Over 20 months, they exchanged 574 letters, and regularly - and secretly - met. Elizabeth's health improved dramatically - the restorative powers of the prospect of an illicit meeting with your lover are amazing - and she even went outside.

But still her father hung over them like the sword of Damocles. How could she tell him her whole life had been a lie? How could she tell him she wanted carnal knowledge of a man? How could she tell him she'd been courting behind his back? How fast would the sword come crashing down when she told him she wanted to taste the forbidden fruit of marriage?

So she never told him. After much agonising, on September 12, 1846, she slipped away to a nearby church, fainting 200 yards from its door and requiring a cab to complete her journey. Inside, she married Robert, the clergyman open mouthed in amazement at joining two of the most eminent poets of the day without anyone else present.

The happy couple said their farewells at the door. She removed her ring and returned to her father's abode, but, on September 19, she slipped away once more, taking her dog Flush, her Northumbrian maid Wilson and two cases crammed with love letters and love poems.

AT Euston station, she met Robert, and they made their way to Paris and then Italy where they settled. When her father heard of the elopement, he exploded in fury and disinherited her. She never spoke to him again.

In 1850, she published to huge acclaim Sonnets from the Portuguese, which had been written as her affair had grown. These included How Shall I Love Thee?
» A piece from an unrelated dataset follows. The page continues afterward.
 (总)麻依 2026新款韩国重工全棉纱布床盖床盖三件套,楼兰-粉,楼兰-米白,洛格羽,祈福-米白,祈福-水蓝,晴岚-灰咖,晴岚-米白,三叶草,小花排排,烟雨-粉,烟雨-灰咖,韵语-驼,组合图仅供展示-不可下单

In Italy, she became enraptured by politics which chimed with the great themes of her life. Her work was about freedom: the oppression of wives and daughters by husbands and fathers, the oppression of slaves on her plantations, the oppression of children in the mills, the oppression of Italians under the Austrians.

She, though, had broken free from her oppression. Her life in Italy with Robert was very happy. She bore him a son in 1849 and died, romantically, in his arms in Florence on June 29, 1861.
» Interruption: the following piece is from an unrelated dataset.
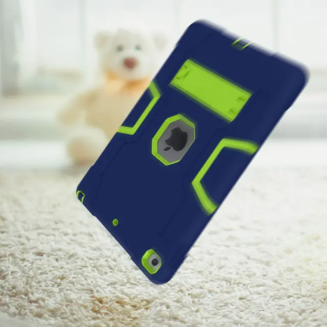 iPad 9 2021, iPad 8 2020 in iPad 7 2019, odporna na udarce, silikonska torbica s stojalom, posebna za otroke - modra/zelena

A plaque was erected to her memory by public subscription in Kelloe church in 1897. It records her birthday correctly but is a month out in the date of her death.

Her nearby birthplace of Coxhoe Hall fell into the possession of the National Coal Board and housed Italian Prisoners of War before being pulled down in 1952. Since 1985, Durham City Council has created woodland walks through its grounds, and the dovecote, stables and ornamental gardens that may have featured in Elizabeth Barrett Browning's earliest memories can still be made out.

Sonnets from The Portuguese XLIII

How do I love thee? Let me count the ways,

I love thee to the depth and breadth and height

My soul can reach, when feeling out of sight

For the ends of Being and ideal Grace.

I love thee to the level of everyday's

Most quiet need, by sun and candlelight.

I love thee freely, as men strive for Right:

I love thee purely, as they turn from Praise.

I love thee with the passion put to use

In my old griefs, and with my childhood's faith.

I love thee with a love I seemed to lose

With my lost saints, - I love thee with the breath,

Smiles, tears, of all my life! - and, if God choose,

I shall but love thee better after death.